Bulwer-Lytton Fiction Contest
2008 Results

Theirs was a New York love, a checkered taxi ride burning rubber, and like the city their passion was open 24/7, steam rising from their bodies like slick streets exhaling warm, moist, white breath through manhole covers stamped "Forged by DeLaney Bros., Piscataway, N.J."
Garrison Spik
Washington, D.C.

The winner of 2008 Bulwer-Lytton Fiction Contest is Garrison Spik (pronounced "speak"), a 41-year-old communications director and writer from Washington, D.C. Hailing from Moon Township, Pennsylvania, he has worked in Tokyo, Bucharest, and Nitro, West Virginia, and cites DEVO, Nathaniel Hawthorne, B horror films, and historiography as major life influences.

Garrison Spik is the 26th grand prize winner of the contest that began at San Jose State University in 1982.

An international literary parody contest, the competition honors the memory (if not the reputation) of Victorian novelist Edward George Earl Bulwer-Lytton (1803-1873). The goal of the contest is childishly simple: entrants are challenged to submit bad opening sentences to imaginary novels.
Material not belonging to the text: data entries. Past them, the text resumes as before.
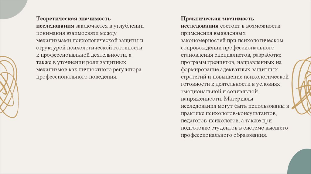 Проведённое исследование показало, что психологическаяготовность к профессиональной деятельности опосредована не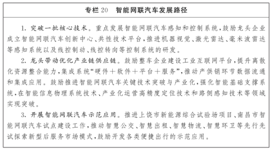 发展重点。以南昌、上饶、景德镇、抚州、宜春等为重点,引导企业前瞻布局关键技术,支持整车企业与互联网、人工智能、信息通信等企业深度合作。鼓励开展复杂系统体系架构、复杂环境感知、智能决策控制、人机交互及人机共驾、车路交互、网络安全等基础前瞻技术研发,推进车载高精度传感器、车规级芯片、智能操作系统、车载智能终端、智能计算平台等产品研发与产业化。加强数据互联互通和智能化基础设施建设,支持建设智能网联汽车仿真测试平台。探索示范应用模式,建设智能网联汽车测试区与智慧交通应用示范区,开展智能网联汽车在物流、公共交通、环卫等场景应用示范。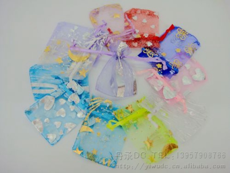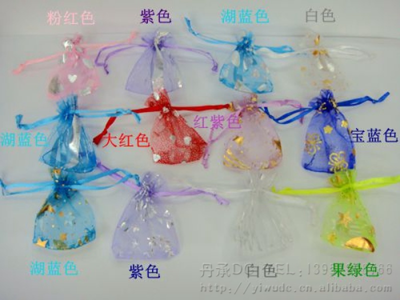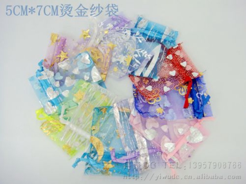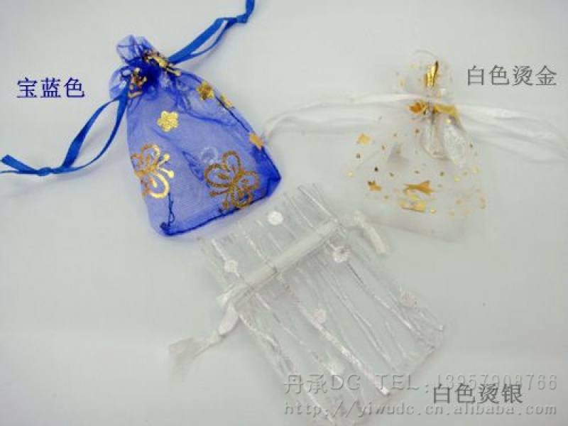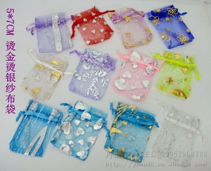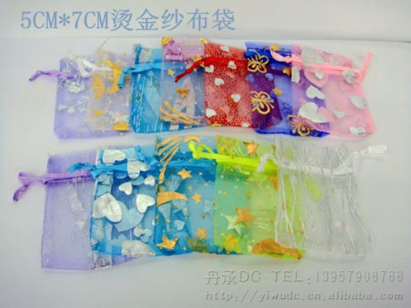 烫金纱布礼品袋系列用烫金纱网布设计制作而成, 纱网布上,印上精美的图案,颜色各色都有,规格可按客户要求定做,批发价格面议,高雅,时尚,色彩艳丽,可以用于各种物品的装放,同事间可以用于各种礼品的包装和点缀,可以使得礼品显得档次更加高.深受各个年龄阶层的朋友喜爱.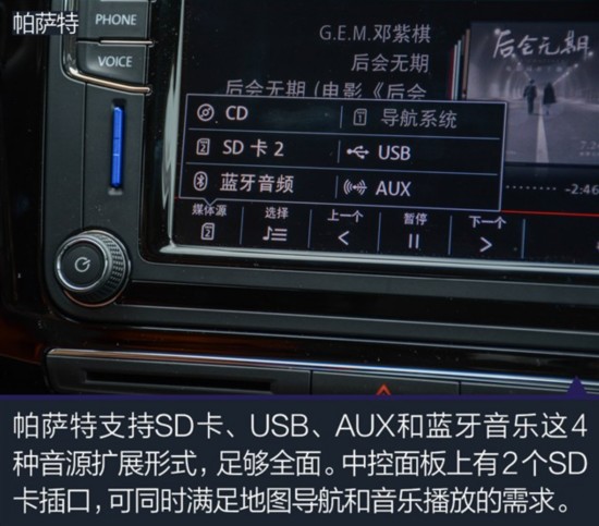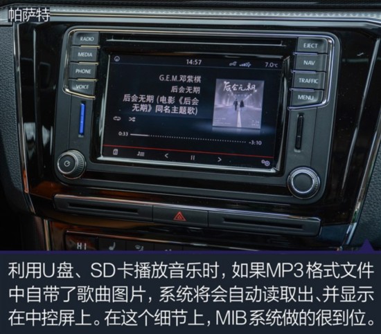编辑点评:帕萨特的这套MIB多媒体系统已经显得足够成熟,它在播放音乐、接打电话等环节上提供了足够丰富的功能,操作便利性也值得称赞,除了导航系统之外,它几乎不会出现让用户手忙脚乱的现象,整体表现值得认可。

Although best known for "The Last Days of Pompeii" (1834), which has been made into a movie three times, originating the expression "the pen is mightier than the sword," and phrases like "the great unwashed" and "the almighty dollar," Bulwer-Lytton opened his novel Paul Clifford (1830) with the immortal words that the "Peanuts" beagle Snoopy plagiarized for years, "It was a dark and stormy night."

You can read other cringe-worthy entries at the Bulwar-Lytton website.

1 comment:

Anonymous said...

I always get a laugh out of this, but bad writing that is self-aware and intentionally bad can never compare to bad writing created by a writer who believes he is creating great art.